Technology  /  Apache Spark

Apache Spark 49 guides · updated 2026

Distributed data processing at scale — RDDs, DataFrames, Structured Streaming, and the tuning techniques that keep Spark jobs fast and cheap.

Spark groupByKey()

groupByKey() collects all values for each key into a single iterable. Unlike reduceByKey(), it does no pre-aggregation — it shuffles all raw values across the network first, then groups them. This makes it memory-intensive and slower than reduceByKey for aggregations, but necessary when you need access to the full list of values for each key.


Basic Syntax

from pyspark.sql import SparkSession
spark = SparkSession.builder.appName("groupByKey").getOrCreate()
sc = spark.sparkContext
# rdd.groupByKey(numPartitions=None)
# Returns: RDD of (key, ResultIterable) pairs
pairs = sc.parallelize([
("alice", "Engineering"), ("bob", "Marketing"),
("alice", "Backend"), ("bob", "Analytics"),
("carol", "Engineering"),
])
grouped = pairs.groupByKey()
grouped.mapValues(list).collect()
# [("alice", ["Engineering", "Backend"]),
# ("bob", ["Marketing", "Analytics"]),
# ("carol", ["Engineering"])]

When to Use groupByKey

groupByKey is appropriate when you need the full list of values for each key and cannot reduce them with a simple function:

# Collecting all orders per customer for further processing
orders = sc.parallelize([
("C001", {"product": "Laptop", "amount": 1200}),
("C002", {"product": "Mouse", "amount": 25}),
("C001", {"product": "Monitor","amount": 400}),
("C002", {"product": "Keyboard","amount": 60}),
])
customer_orders = orders.groupByKey().mapValues(list)
customer_orders.collect()
# [("C001", [{"product": "Laptop", ...}, {"product": "Monitor", ...}]),
# ("C002", [{"product": "Mouse", ...}, {"product": "Keyboard",...}])]

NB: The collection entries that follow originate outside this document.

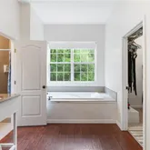 Primary suite with spa-like bath featuring heated whirlpool tub, oversized shower, and walk-in closet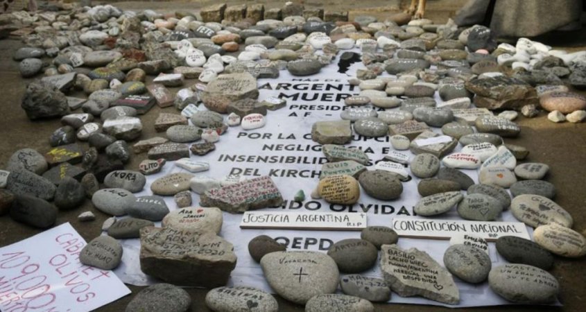 Decenas de piedras con el nombre de algunos de los casi 110 mil fallecidos por COVID-19 en Argentina fueron depositadas frente a la Casa de Gobierno y la residencia del presidente Alberto Fernández en repudio al manejo de la pandemia.
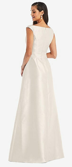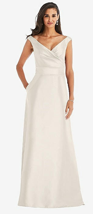 Off-the-Shoulder Draped Wrap Satin Maxi Dress in ivory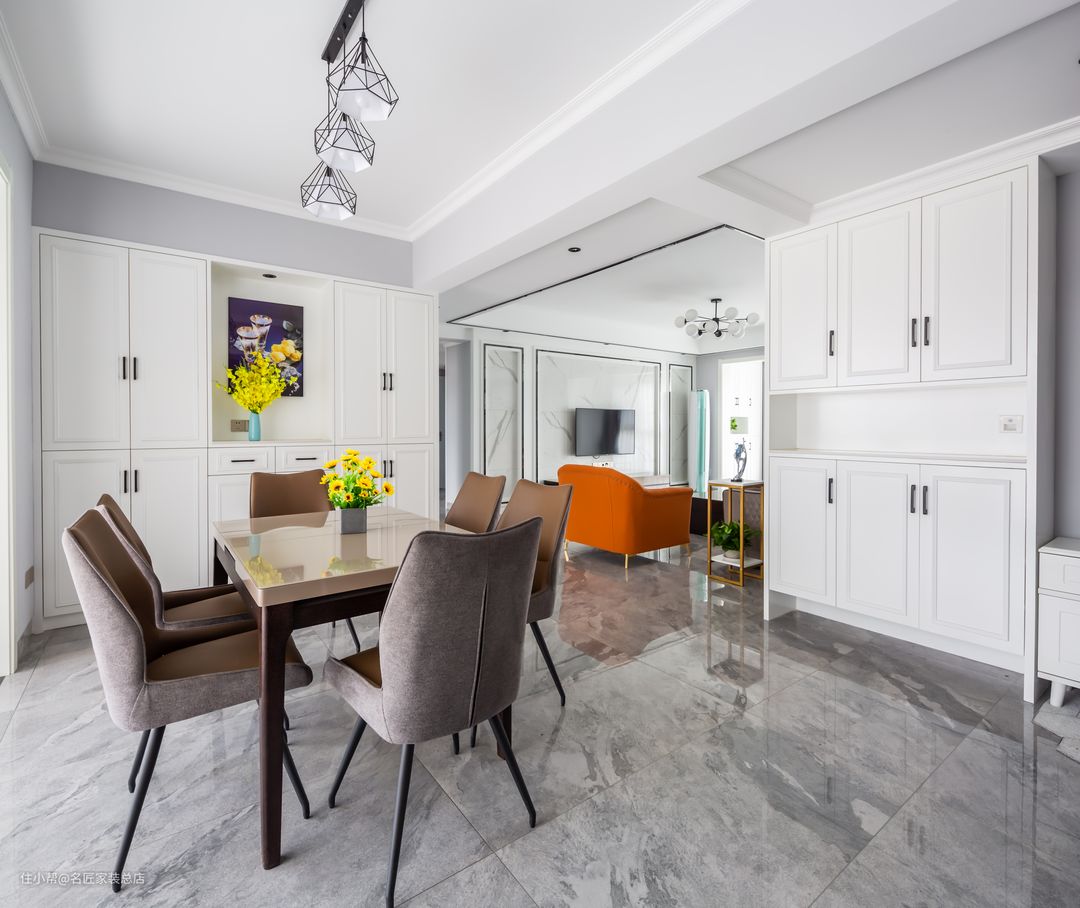 设计师经过改造,让出部分餐厅面积做了整面墙的餐边柜,起到收纳储藏的作用。整体看起来也非常的和谐。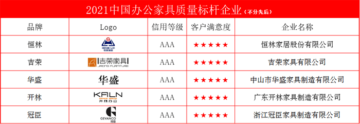 招投標供應鏈品牌推介平臺作為國內招投標領域領先的品牌推介服務平臺,一直致力于招投標全行業(yè)品牌發(fā)展,為進一步推動家具高質量發(fā)展,宣傳質量標桿企業(yè)良好品牌形象,舉辦了以“品質贏得信賴、實力鑄就品牌”為主題的“2021中國辦公及商用家具評價推介”活動,此次活動受到業(yè)內及社會各界人士的廣泛關注和熱情參與,宣傳展示家具知名品牌企業(yè)510余家,網絡公眾滿意度市場調查投票共達829.3262萬余票。各品牌數據由機構推薦、企業(yè)自薦、大數據采集構成,并由來自質檢、環(huán)保、認證、行業(yè)協會等專家進行了綜合評審,在全國眾多家具品牌中甄選出誠信、優(yōu)質、綠色、環(huán)保、科技智能程度高、服務能力強、綜合實力突出的“家具質量標桿企業(yè)”,加以大力宣傳,展示家具質量標桿企業(yè)良好形象,發(fā)揮榜樣帶頭作用,為廣大需求采購單位、經銷商、代理商等各方提供參考。具體如下: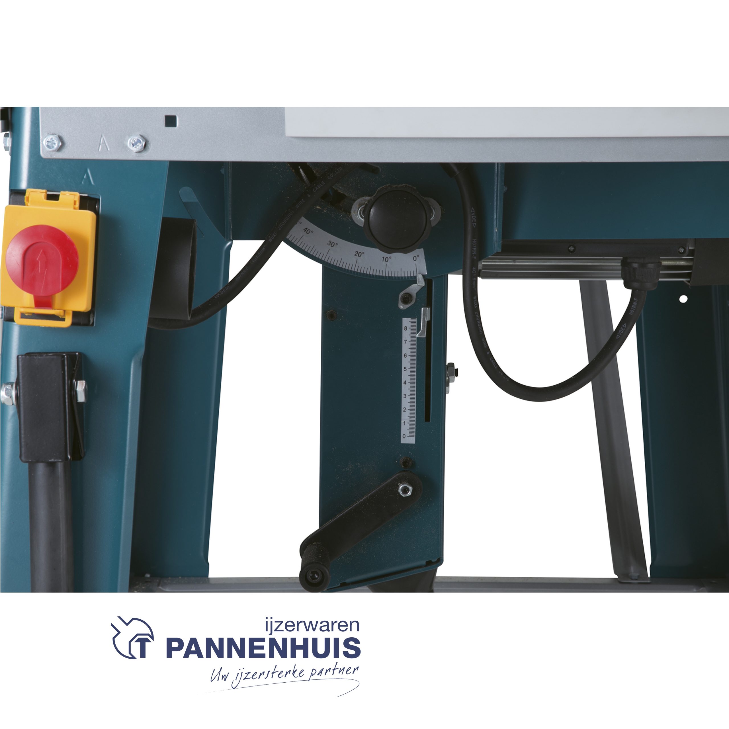 Max. zaaghoogte boven tafel bij 90° 85 mm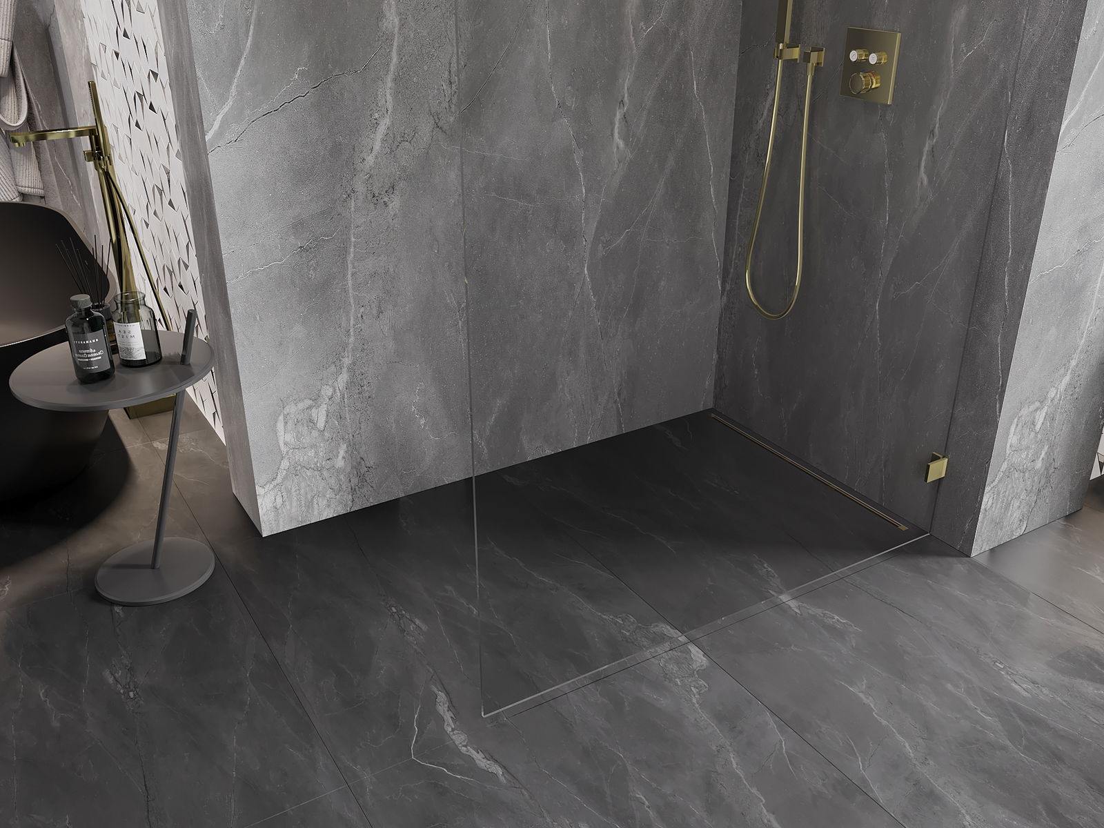 Mexen Lunar L sprchová stěna Walk-in pravá 70 x 200 cm, transparentní 8 mm, zlatá - 830L-070-000-50-00-P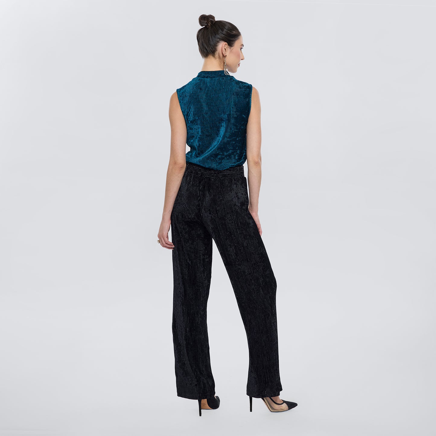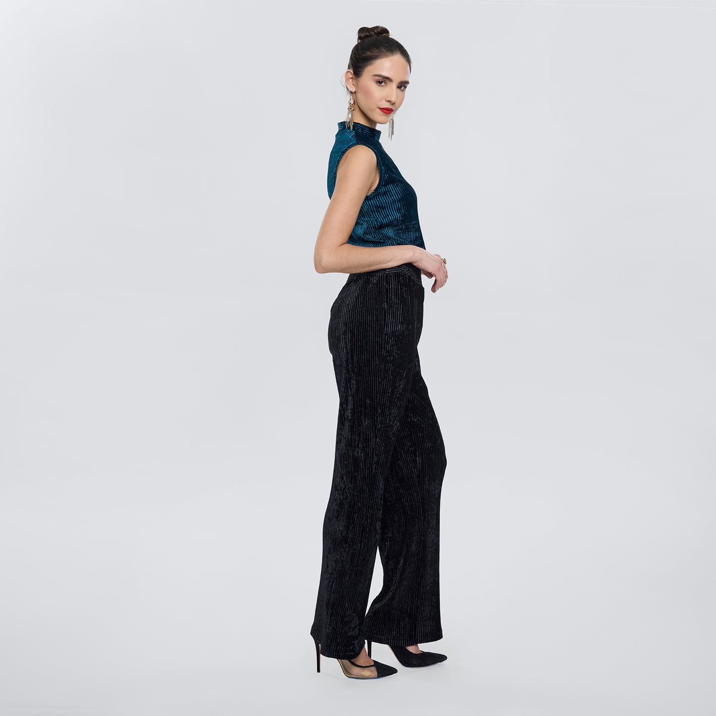 Pantalón velvet con resorte de cintura media (petróleo/vino/negro).
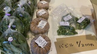 events 10月5日(日)は島市に出しています 今日の島市は、伊ヶ谷のコミュニティーセンターで開かれています。ニラ、サツマイモ、ミョウガ、生落花生、カボチャ、バジルを販売しています。 2025.10.05 eventsいろいろな野菜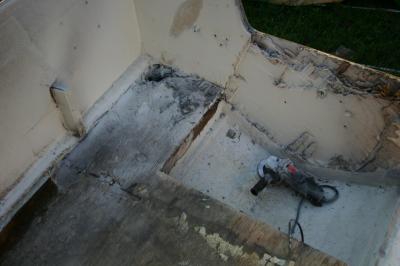Working my way all the way around with a grinder, I am going to lift the entire main section of floor. It is time to give serious thought to how to prevent these problems in future since I have to fix it now.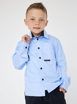 Сорочка верхняя для мальчиков прямого силуэта с воротником. По переду обработана застежка на пуговицы и петли. Диаметр пуговицы 1 см, 4 прокола. Рукава короткие, втачные, слегка спущены. На спине кокетка. Нижние срезы изделия и рукавов обработаны швом в подгибку.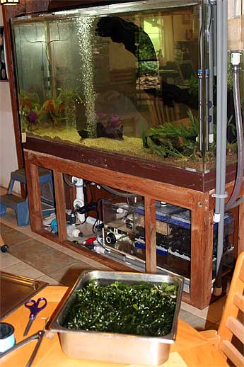 Inside the Aadheenam we have a room adjacent to the Kitchen. It is a dining area that Gurudeva himself dubbed as "Java Cafe." Acharya Kumarswami has been working on this area for several years. One of the feature Gurudeva wanted to see was a fish aquarium. We have had a salt water aquarium in the past. It was a bit of a challenge to maintain, so now Paramacharya Ceyonswami has spearheaded

Working with ResultIterable

groupByKey returns a ResultIterable, not a list. Convert to list before reusing:

grouped = pairs.groupByKey()
# Convert to list for multiple passes
grouped.mapValues(list).collect()
# Use directly in a single pass (more memory-efficient)
def process_group(key, values):
# values is a ResultIterable — can only iterate ONCE
return (key, sorted(values))
grouped.map(lambda kv: process_group(kv[0], kv[1])).collect()

groupByKey vs reduceByKey

data = sc.parallelize([("a", 1), ("b", 2), ("a", 3), ("b", 4)])
# groupByKey — network sends: ("a", [1, 3]), ("b", [2, 4])
data.groupByKey().mapValues(sum).collect()
# [("a", 4), ("b", 6)]
# reduceByKey — network sends subtotals: ("a", 4), ("b", 6)
data.reduceByKey(lambda x, y: x + y).collect()
# [("a", 4), ("b", 6)]
# For aggregation: ALWAYS prefer reduceByKey
# For collecting lists: groupByKey is appropriate

DataFrame Equivalent

from pyspark.sql import functions as F
df = spark.createDataFrame(
[("alice", "Engineering"), ("bob", "Marketing"), ("alice", "Backend")],
["name", "skill"]
)
# Collect values into an array (equivalent to groupByKey + list)
df.groupBy("name").agg(F.collect_list("skill").alias("skills")).show()
# +-----+--------------------------+
# | name| skills|
# +-----+--------------------------+
# |alice|[Engineering, Backend] |
# | bob|[Marketing] |
# +-----+--------------------------+
# Aggregate instead (equivalent to groupByKey + sum)
df_nums = spark.createDataFrame([("a", 1), ("b", 2), ("a", 3)], ["key", "value"])
df_nums.groupBy("key").agg(F.sum("value").alias("total")).show()

Performance Warning

For large datasets, groupByKey can cause OOM errors because all values for a key must fit in a single executor’s memory:

# If a single key has millions of values, this partition won't fit in memory:
hot_key_rdd = sc.parallelize(
[("popular_product", i) for i in range(10_000_000)] # 10M values for one key
)
# hot_key_rdd.groupByKey().count() # ← Risk: OutOfMemoryError
# Solution: use aggregateByKey for partial aggregation
hot_key_rdd.aggregateByKey(
0,
lambda acc, v: acc + v, # Within partition
lambda a, b: a + b # Across partitions
).collect()